September 16, 1985|RANDY LEWIS | Times Staff Writer

The Barry Manilow of the 1970s was a crooner of the kind of saccharine ballads best played as background music while reading Harlequin romance novels.

But on Friday, in the first of two nights at the Pacific Amphitheatre, melancholy Manilow was upstaged by bouncy Barry, ersatz purveyor of pulsating pop that's better for aerobic dancing than soft lights and romancing.

Gone were the lush string sections of past tours--they've been replaced by a trio of keyboard players manning no less than 14 synthesizers. Along with the electronics experts were the usual rock band instrumentation (guitar, bass, drums) supplemented by an additional percussionist, a woodwind player and two backup singers. Also remaining as integral parts of the show were Manilow's self-deprecating humor and undeniable charm as a master of ceremonies.

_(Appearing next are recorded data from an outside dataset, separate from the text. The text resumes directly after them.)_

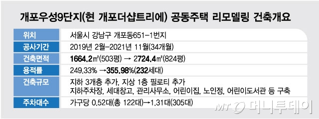 강남구 소재 개포더샵트리에는 리모델링 사업의 대표적인 성공 사례로 꼽힌다. 해당 단지는 1991년 준공된 232가구 개포 우성 9차 단지를 2021년 12월 리모델링한 곳이다. 시공은 포스코이앤씨가 맡았다. 기존 개포 우성 9단지의 용적률은 249.33%였다. 주변 개포 우성 3차(용적률 179%)와 경남아파트(174%) 에 비해 높았던 탓에 재건축 사업성이 충분치 않았다.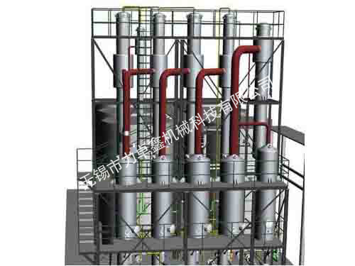 工作原理:四效降膜蒸發(fā)器需濃縮的料液由泵送入加熱管頂部,沿著加熱管內(nèi)壁形成液膜向下流動(dòng)。在這個(gè)過(guò)程中,由于管外的加熱,管內(nèi)液膜開始沸騰并部分蒸發(fā)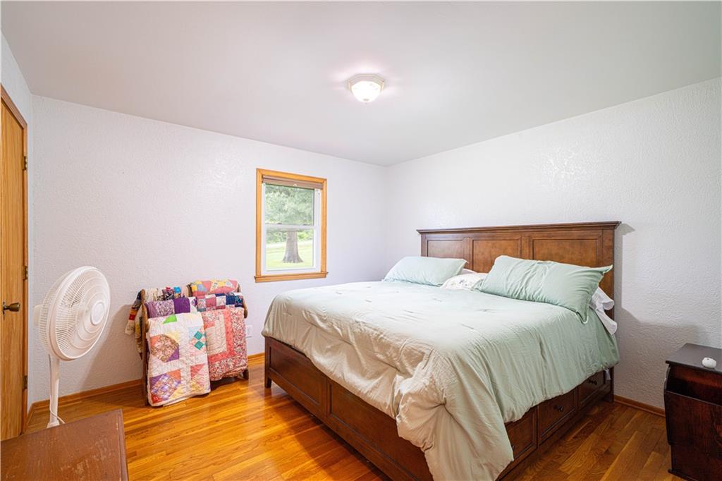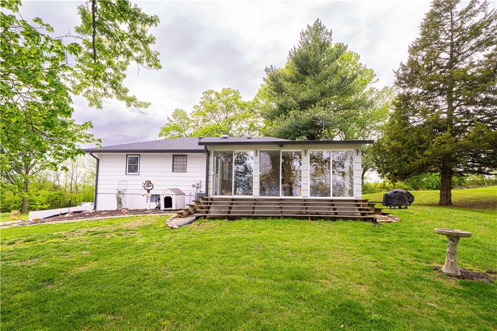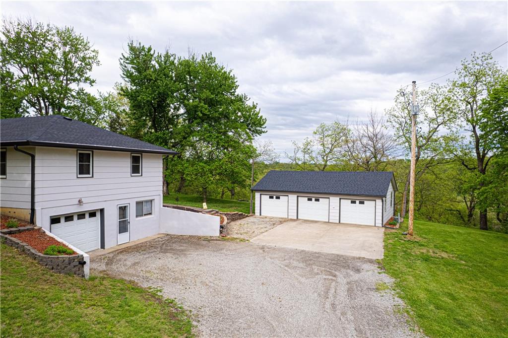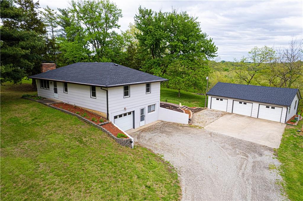 Spacious and well-maintained 4-bedroom, 2-bath home on 1.5 acres along State Rt DD in Savannah, MO, offering 2,536 total finished square feet and a full finished walk-out basement. This property has seen extensive updates, including new windows, HVAC system with humidifier, hot water heater, and added attic insulation in 2021, plus a brand-new roof and gutters in 2024. Septic system (tank and laterals) was replaced in 2017. The main level features three bedrooms with hardwood floors, ceiling fans, and soft pull-down blinds. The updated kitchen offers hickory cabinets with soft-close drawers, laminate flooring, modern lighting, and includes GE stove/oven, microwave, Frigidaire refrigerator, and Maytag dishwasher. The living room showcases a wood-burning fireplace, built-in grandfather clock, and fresh paint. The finished basement adds a fourth bedroom, second full bath with recent updates, new laminate flooring, fresh paint, additional living space, and ample storage. Wall-mounted TVs in the basement living area and bedroom stay. Exterior highlights include a 3-car detached garage with electricity and automatic doors (roof replaced in 2020), attached lean-to for extra storage, a 1-car attached garage, and plenty of parking. A rare combination of space, updates, and functionality—this home is truly move-in ready.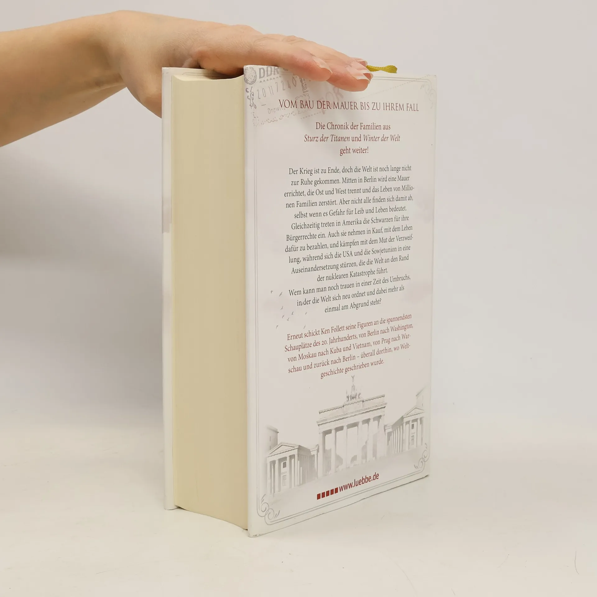 VOM BAU DER MAUER BIS ZU IHREM FALL erzählt die epische Familiensaga des Autors der Bestseller. In Ostberlin scheint das Leben von Rebecca Hoffmann in Ordnung, bis sie entdeckt, dass ihr Mann sie im Auftrag der Stasi bespitzelt. Ihr konfrontatives Handeln führt zu einem verhängnisvollen Fehler, der das Schicksal ihrer Familie für immer verändert. In den USA kämpft George Jakes, ein Vertrauter von Justizminister Robert Kennedy, hautnah gegen Rassismus und Ungerechtigkeit und erlebt die Herausforderungen, die mit seiner Hautfarbe verbunden sind. Cameron Dewar, ein Republikaner und CIA-Agent, navigiert durch eine Welt voller Täuschung und Intrigen, während Dimka Dworkin, Berater von Nikita Chruschtschow, in den Konflikt zwischen Sowjetunion und USA verwickelt wird, der die Welt an den Rand des Atomkriegs führt. Seine Schwester Tanja, Journalistin, verfolgt die Ereignisse an den Brennpunkten von Moskau über Kuba bis nach Prag und Warschau. Der Roman verknüpft die Schicksale von Menschen aus Ost und West vor dem Hintergrund der politischen Umwälzungen von den frühen Sechzigern bis zum Ende der Achtzigerjahre und bildet den packenden Abschluss von Ken Folletts Jahrhundert-Trilogie.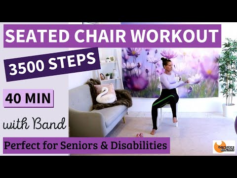 In this 40 minute Chair workout you will do the equivalent of 3500 Steps, all whilst seated in a chair. You will use a resistance band to work your arms and legs during some of the exercises, but this band is optional and you can easily do the workout without. Every 50 seconds the movement will change to make it more fun and interesting. No difficult choreography in this one, just easy to follow steps and arm exercises that will burn a ton of calories. There are easier modifications shown throughout and also examples of upper body only modifications! Get ready to sweat!
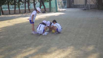 体育科「ポートボール」の学習を進めています。「チームの時間」に1試合をふり返り,作戦を考え,次の試合にいかしていきます。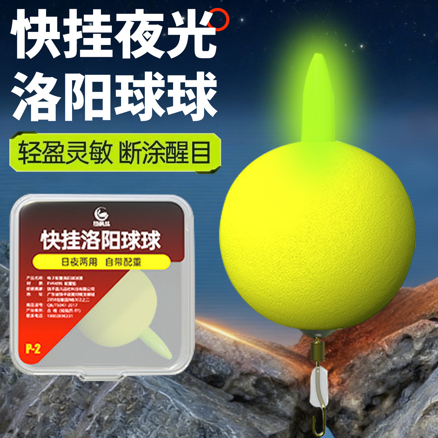 快挂夜光洛阳球球逗钓鲫鱼路滑免调电子漂夜光漂球球钓组浮球套装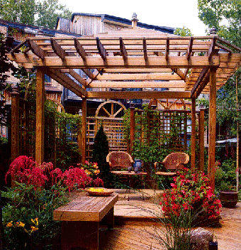 亭架與花架可以結合布局,也可以單一選擇。在結合布局時亭架通常為花架的入口、轉折點或主要休息區(qū),靠花架來連接交通。單一布局是時亭架可以利用自身的通透輕靈的特點在小空間中運用而不感到壓抑;花架可以根據(jù)場地的環(huán)境結合地形及功能需要采取靈活多變的布局方式。
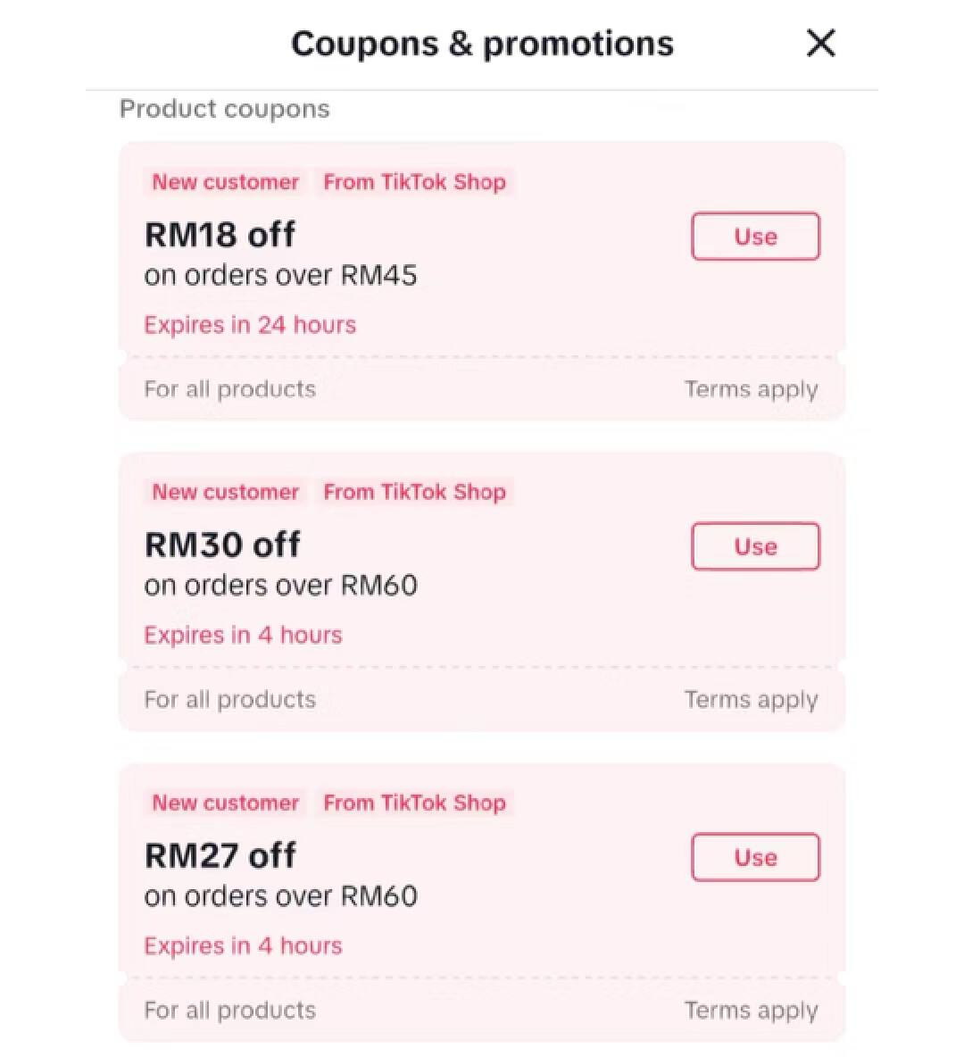 “除了补贴到位,我不会去TikTok买东西。”居住在马来西亚的jinx,早在2023年5月便兴奋地在TikTok购入了不少吸奶器、绵纸巾等家居用品,面对50%、45%的大额折扣券,BB难掩兴奋。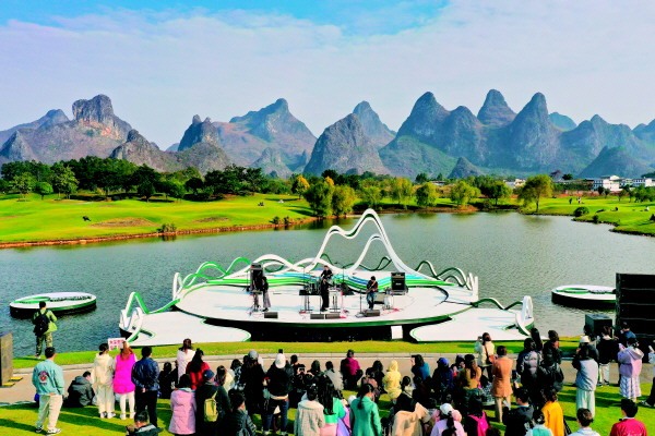 文/摄)12月10日下午,在桂林桂海晴岚的水上舞台,首场山水LIVE·桂海晴岚摇滚音乐派对在美丽的山水间激情上演。在山间,在湖畔,在绿草地上,观众们尽情享受这一颇具诗意和激情的音乐盛宴。

Launching the two-hour show with lights a-flashing and drums a-beating, Manilow swiveled his hips a la Tom Jones, at one point suggestively singing, "This time I'm gonna give you it all." (Please, Barry, there are parents in the audience!)

In fact, however, he did give it all--or most of it, anyway--to his adoring fans, many of whom demonstrated their unflagging loyalty by bringing flowers and waving large handmade signs with messages like "We Love You Barry."

Along with the newer upbeat tunes and a lengthy segment devoted to songs from his "2:00 A.M. Paradise Cafe" jazz album, Manilow still managed to include a generous dose of his sentimental '70s hits, including "Can't Smile Without You," "I Write the Songs," "Weekend in New England" and others.

The early songs that caused Manilow to be dubbed the "Sultan of Schmaltz" remain as cloying as ever, simple yet masterfully constructed tunes guaranteed to yank on the old heartstrings.

More involving was the "Paradise Cafe" set, during which the lights were dimmed and artificial fog was pumped toward blue spotlights to simulate a smoke-filled nightclub. Accompanied by acoustic bass, guitar and a minimal drum set, Manilow sat at the piano like a world-wearied lounge singer and doled out a handful of the album's somebody-done-somebody-wrong songs.

Minus the jazz all-stars who graced the album--Sarah Vaughan, Mel Torme, Gerry Mulligan--Manilow nevertheless received admirable instrumental and vocal support, particularly from baritone saxophonist Dana Robbins and vocalist Muffy Hendricks.

Preceding the jazz segment, Manilow also unveiled two new songs from the forthcoming TV movie "Copacabana," built around the story line of his 1978 hit. Manilow displayed a few samba and mambo steps on the calypso-flavored tunes, but his modest attempts only made one hungry for the Latin authenticity of a Desi Arnaz.

Manilow's lack of hits in recent years--his last top 10 single was "I Made It Through the Rain" in 1980--showed in the attendance, which on Saturday was about 10,000 in the 18,000-capacity amphitheater. His shows Oct. 3-5 at the smaller Greek Theatre, however, are sold out.